I shall not longer intrude upon the patience of your Lordships, trusting that, in the few words I have used, I have made the grounds of my opinion sufficiently intelligible.”
After their Lordships had spoken, the following judgment was moved by Lord Eldon, and carried:—
20 th Jane 1810.
Judgment in Competition of Brieves.
It was ordered and adjudged, That so much of the interlocutor of the Lords of Session of the 14th Feb. 1806 as contains an instruction to the Macers to find that John Bellenden Ker, Henry Gawler, and John Seton Karr, Esq., had a title to appear and be heard for their interest in the said services, and so much of the said interlocutor of the Court of Macers of the 17th Feb. 1806, as finds, in conformity to the said instruction, be affirmed.
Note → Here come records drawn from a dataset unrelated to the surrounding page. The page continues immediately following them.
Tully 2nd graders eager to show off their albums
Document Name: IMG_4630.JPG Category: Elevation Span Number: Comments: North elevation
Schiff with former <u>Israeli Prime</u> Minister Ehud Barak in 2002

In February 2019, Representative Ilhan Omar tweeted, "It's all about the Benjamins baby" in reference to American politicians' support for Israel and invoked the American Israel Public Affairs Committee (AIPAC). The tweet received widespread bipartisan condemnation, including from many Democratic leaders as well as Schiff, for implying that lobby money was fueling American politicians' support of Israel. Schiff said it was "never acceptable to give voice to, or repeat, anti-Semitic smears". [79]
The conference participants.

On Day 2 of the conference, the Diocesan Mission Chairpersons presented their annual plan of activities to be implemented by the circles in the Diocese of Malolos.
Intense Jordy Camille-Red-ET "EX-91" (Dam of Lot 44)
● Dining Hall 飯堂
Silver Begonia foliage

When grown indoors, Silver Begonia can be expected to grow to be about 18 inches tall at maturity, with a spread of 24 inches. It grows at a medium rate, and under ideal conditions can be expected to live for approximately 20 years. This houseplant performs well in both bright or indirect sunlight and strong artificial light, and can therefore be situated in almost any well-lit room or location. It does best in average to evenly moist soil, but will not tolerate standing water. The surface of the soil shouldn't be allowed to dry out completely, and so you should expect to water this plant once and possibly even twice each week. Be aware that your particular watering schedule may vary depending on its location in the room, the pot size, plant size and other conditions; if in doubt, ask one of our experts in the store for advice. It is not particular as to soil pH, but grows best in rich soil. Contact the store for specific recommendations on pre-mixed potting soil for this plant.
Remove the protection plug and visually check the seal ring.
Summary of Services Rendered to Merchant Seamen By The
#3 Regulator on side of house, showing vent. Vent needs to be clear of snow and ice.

And it is declared that, according to the just and legal construction of the substitution of the deed 1648, to the eldest dochter of Hary Lord Ker, without division, and their heirs-male, the several daughters of Hary Lord Ker, in their order, and the heirs-male of their respective bodies begotten seriatim were called as heirs of tailzie and provision to take the estates conveyed by the said deed, in preference to the heir-male general of the eldest, or of any other of the said daughters; And it is further ordered and adjudged, That the said interlocutor of the Lords of Session of 6th, signed 10th March 1807, and the said interlocutor of the 7th, signed the 8th July 1807, (the latter interlocutor explaining the former interlocutor of 6th, signed 10th March 1807, and being understood by this House to mean that the said Sir James Innes Ker is to be preferred in the competition of brieves, if he proves, according to the usual course of proceedings in services, that he is the heir-male of the body of Lady Margaret Ivor, and that there are no heirs-male of the bodies of Ladies Jean and Anna respectively,) be affirmed, and
that the said interlocutor of the Lord Ordinary on the Bills of 27th Feb. 1808, be also affirmed. And it is further ordered, That the said original and cross appeals be dismissed this House.
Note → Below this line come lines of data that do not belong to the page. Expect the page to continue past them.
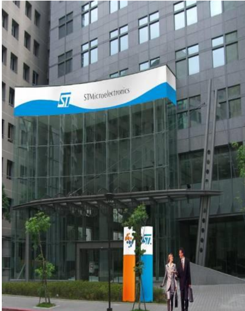
Jian Long Building Taipei

Site : Taipei (since 1984) Employees : 200 Focus : Computer Telecom Wireless Digital Consumer Industrial EMS Distribution Medical Operations : Sales & Marketing Competence Center R&D Lab Support Functions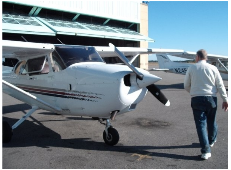
Another Pre-Flight for a trip to New Hampshire to investigate a Leaving the Scene accident involving a tractor Trailer, July 15, 1989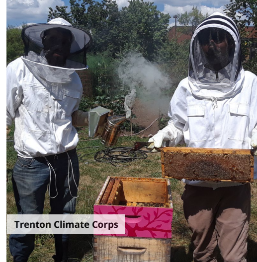
Trenton Climate Corps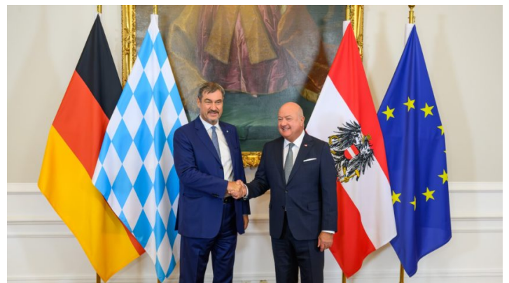
On 15 July 2025, Minister-President Dr Markus Söder chaired the meeting of the Council of Ministers on the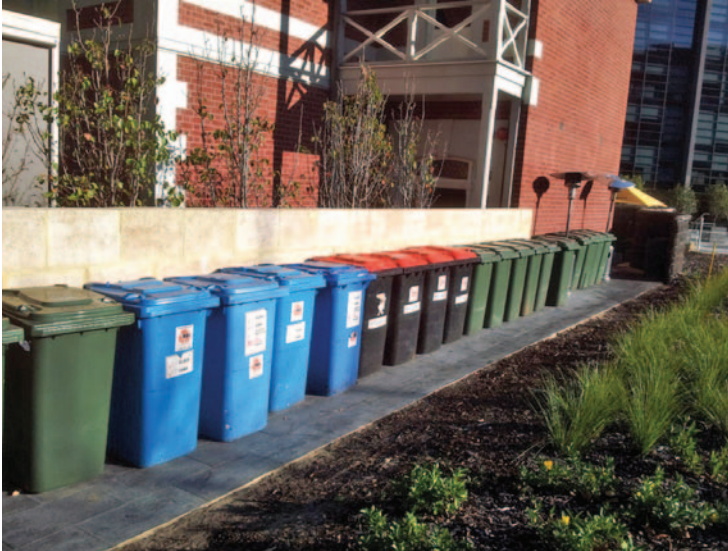
Figure 4: These bins are easily accessible, but highly visible from the roadway. A bin store would help to minimise their impact on local amenity.

It is essential to provide an adequate area to enable waste and recycling (and organics collected) bins to be kept separate within the storage area (Figure 5). However, bin storage areas that are too large may encourage bulky items to be dumped. The storage area should be designed for easy access and manoeuvring of bins to allow trouble-free cleaning. It is also important to consider the access requirements for maintenance and servicing. Other services and appliances, such as electrical meter boards, gas meters or conduits, should not be located in bin storage areas as they may be damaged during collection or cleaning.

[The consideration of the appeal in the reduction and declarator was postponed until it was seen that Sir James Norcliffe Innes, in proceeding with his service, succeeded in proving his propinquity as nearest heir-male of Margaret, third daughter of Hary Lord Ker, and that Ladies Jane and Anna, and the heirs-male of their bodies respective, had failed. This having been done by Sir James, the House of Lords again resumed consideration of the reduction and declarator, and pronounced in it the following judgment.]
House of Lords, 8th June 1811.
Judgment in the action of Reduction.
Ordered and adjudged, That the appeal be dismissed, and that the interlocutors complained of be, and the same are hereby affirmed.
Counsel: For the Appellants, Thos. Plumer, Wm. Adam, Mat. Boss, John Clerk, James Moncreiff.